千音子として戦う時とは違い優しい音色だったから、彼の本名が自然と口から突いて出ていた。
突如、後ろに引っ張られ開けたままの窓がバタンと強く閉じられる。
閉めた本人は黙ったまま、手に持っていた鬼剣を壁に立て掛け寝台に腰を落とした。
俯いているのでチェ・ヨンの表情は読み取れない。
広げていたバッグの中身を元に戻して、典医寺からもらってきた薬品の包みを取り出した。
薬を取り出し、どれが何に効くんだっけと首を捻る。

「怪我を?」

傷薬を手にした私を見て勘違いし腰を浮かすが、それを制止した私は彼の隣に座った。

「うん。貴方がね」
「いりませぬ」

拒否すると分かっていたけど、少し腫れた頬が痛々しいから塗りたい。綺麗な顔なんだから傷を残したくないじゃん!

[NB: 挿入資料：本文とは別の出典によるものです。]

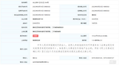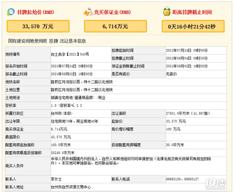 【土拍直击】楼面8332!黄岩方山下未来社区旁地块2.52亿成交

「折角チャン侍医からもらって来たんだから、使わないと」

軟膏を指で掬い取った私を見て、逃げても無駄だと悟ったらしい彼は大人しく塗らせてくれた。
唇の傷に塗れる薬草はなかったので、他を【気】で診てみる。
あれだけの戦闘を繰り広げておいて、唇と頬だけってさすがチェ・ヨン。
塗っている時や彼の身体を診ている時も、めっちゃガン見されていたんだけどナニ?
視線を合わせて首を傾けると、黙っていた彼がぽつりと零す。

「……先程、医仙から聞きました」

ウンスからなにを?と、薬を片付けようとしていた手を止めた。

「天門が開いたら、ご両親に会ってくるから、」
「うん」
「チュモを天門まで同行させてほしいと」

彼女にお願いされれば拒否できないだろう。

「貴女は、……」

言葉を一旦止め、一呼吸して続けるチェ・ヨン。

「ソラも、ご両親に会いに行くべきかと」

なんか助詞が変化している気がするが、「いいの?」と尋ねると当然のように首を立てに振られた。
四十九日の法要も終わっているのに片付いていない実家を思い出す。戻ったら、遺品や実家の整理をしよっと。
軟膏の蓋を閉めて、容器を手で弄びながら続ける。

「あのね、天門を行き来すると年月の違いが起きるの」

太陽の黒点の爆発による地場が影響しているとかなんとか。時空の歪みというやつ。そういう系にはズレが生じるのはあるあるだ。
彼女と私の現代の年代も差があったな。

「だから、五年ほどの誤差は大目に見てね」

ウンスを待ち続けるチュモに伝えてほしい。

「ええ。いつまでも待ちますゆえ」

顔にかかっていた髪を耳に掛けられ、彼に表情を読み取られる。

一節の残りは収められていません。